Personally, I think it's more of the Tika approach, which was [that] loyalty for me was more important than physical dominance. Especially when you're thinking about getting to the merge and making it further. I think it's a little shortsighted. I think in the new era, as long as there's no expectation of swaps and you start with six people, and you have people losing votes on day one, it is going to be very difficult to have some of the smaller people or women make it through.

Claire Rafson on 'Survivor 44'
Claire Rafson on 'Survivor 44'

Robert Voets/CBS Claire Rafson on 'Survivor 44'

How's it been for you over the past nine to 10 months dealing with being voted out first from your tribe? I'm sure it's not the way you envisioned it in your head when you went out there.

I've been a Survivor fan since I was four years old, since day one. I have thought about applying, I've recorded myself since I was 18, but I've never submitted because I have a deep fear of failure and embarrassment. This was the first time I ever took the plunge. I took the plunge, and I submitted, and I played, and I did a lot of pre-work of, like, I might fall flat on my face. I might fail epically and I need to be okay with that. [Or], I could be the first person voted out and I'm okay with that.
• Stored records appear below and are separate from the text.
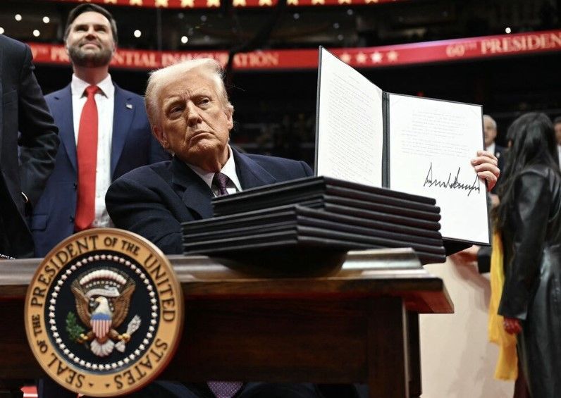도널드 트럼프 미국 대통령이 20일(현지시간) 미국 워싱턴D.C. 캐피털원 아레나에서 열린 취임 행사에서 방금 서명을 마친 행정명령을 들어올려 보이고 있다. (AFP·연합뉴스)
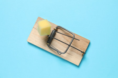 Spring-loaded bar mousetrap with piece of cheese on light blue background, top view
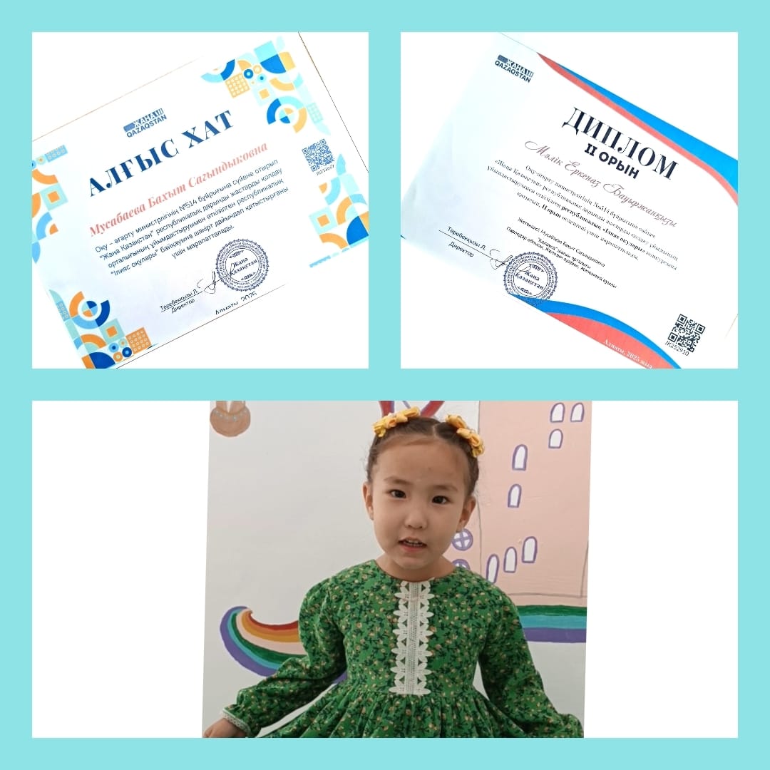 Диплом  ІІ ОРЫН «Жаңа Қазақстан» республикалық дарынды жастарды қолдау ұйымының ұйымдастыруымен өткізілген республикалық «Ілияс оқулары» конкурсының қатысушысы Мәлік Еркеназ Бауыржанқызы
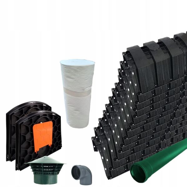 - Zawartość zestawu: 12 tuneli, 2 pokrywy, rura DN 110 o długości 1 m, wywiewka DN 110, kolano DN 110 90 stopni, włóknina szerokości 1 m o długości 17 m
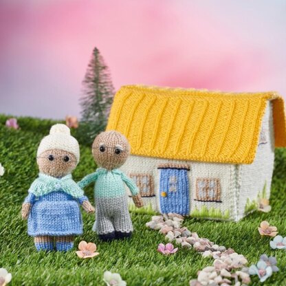 This knitting pattern is to make a pair of dolls and a doll’s house. The house roof and wall open up so you can add doll house furniture inside during playtime, and store your dolls at the end of the day. The doll house is made by knitting wall panels and covering plastic canvas grids that are cut to shape. These plastic grids are available from most good craft stores, and are usually used for embroidery projects. If you cannot find plastic grids you could use stiff cardboard instead. The exterior of the cottage is embroidered with Swiss Darning to add the windows and doors and a chart is included. Grandma and Grandpa both have spectacles made by bending jewellery wire into shape, but for safety, do not add spectacles if these dolls are for younger children as the ends of wire can be sharp. For confident beginners and above, other techniques used include casting on and off, knits, purls, increases and decreases, and seaming to finish.

I have a lot of things going on in my life that I'm proud of. I have family and friends who will love me no matter what. But it was devastating.

It's been a little fun the past eight, nine months. It's fun doing the pre-press when people still think I could be a winner when I'm like, "I'm gonna ruin your bracket! I'm gonna lose!" [Laughs] But as a lifelong Survivor fan, it's definitely given me a lot more empathy for pre-mergers. I think I'm going to become a vocal pre-merger rights advocate. [Laughs]

I was talking to my therapist the other day and she was like, "Remember four-year-old you or nine-year-old you, and nine-year-old me wouldn't be yelling at myself for getting out first. She would be so excited that I was even playing and that I was there and that I played hard and I did it my way and I didn't hide who I was or how I interact with the world. I did it. I applied. I showed up. I did my thing and no regrets — obviously [I have] regrets that I didn't win or make it further, but that's life and it's going to keep going and I'd obviously love to play again and get another shot. But, for now, this is a really great bookend and I feel really happy with the friends I've made and the experiences I've had.

Finally, what's something that happened out there that didn't make it to TV that you wish we had a chance to see?

Probably my favorite thing is that in the first challenge, I got everyone water bottles. Because Survivor is freakishly fair. If one tribe's in the shade, everyone's in the shade. Everything's measured to the tee. Brandon got a water bottle because he was obviously, like, dying. And I call over Jeff to the bench and I was like, "I see Brandon has water. Is everyone getting water?" And so mid-challenge they had to go and give every single person a water bottle. I don't know when they've done that before, but I was also like, "You're welcome, you got water. That was on me from the bench." That was a fun one that was definitely not shown.

This interview has been edited for length and clarity.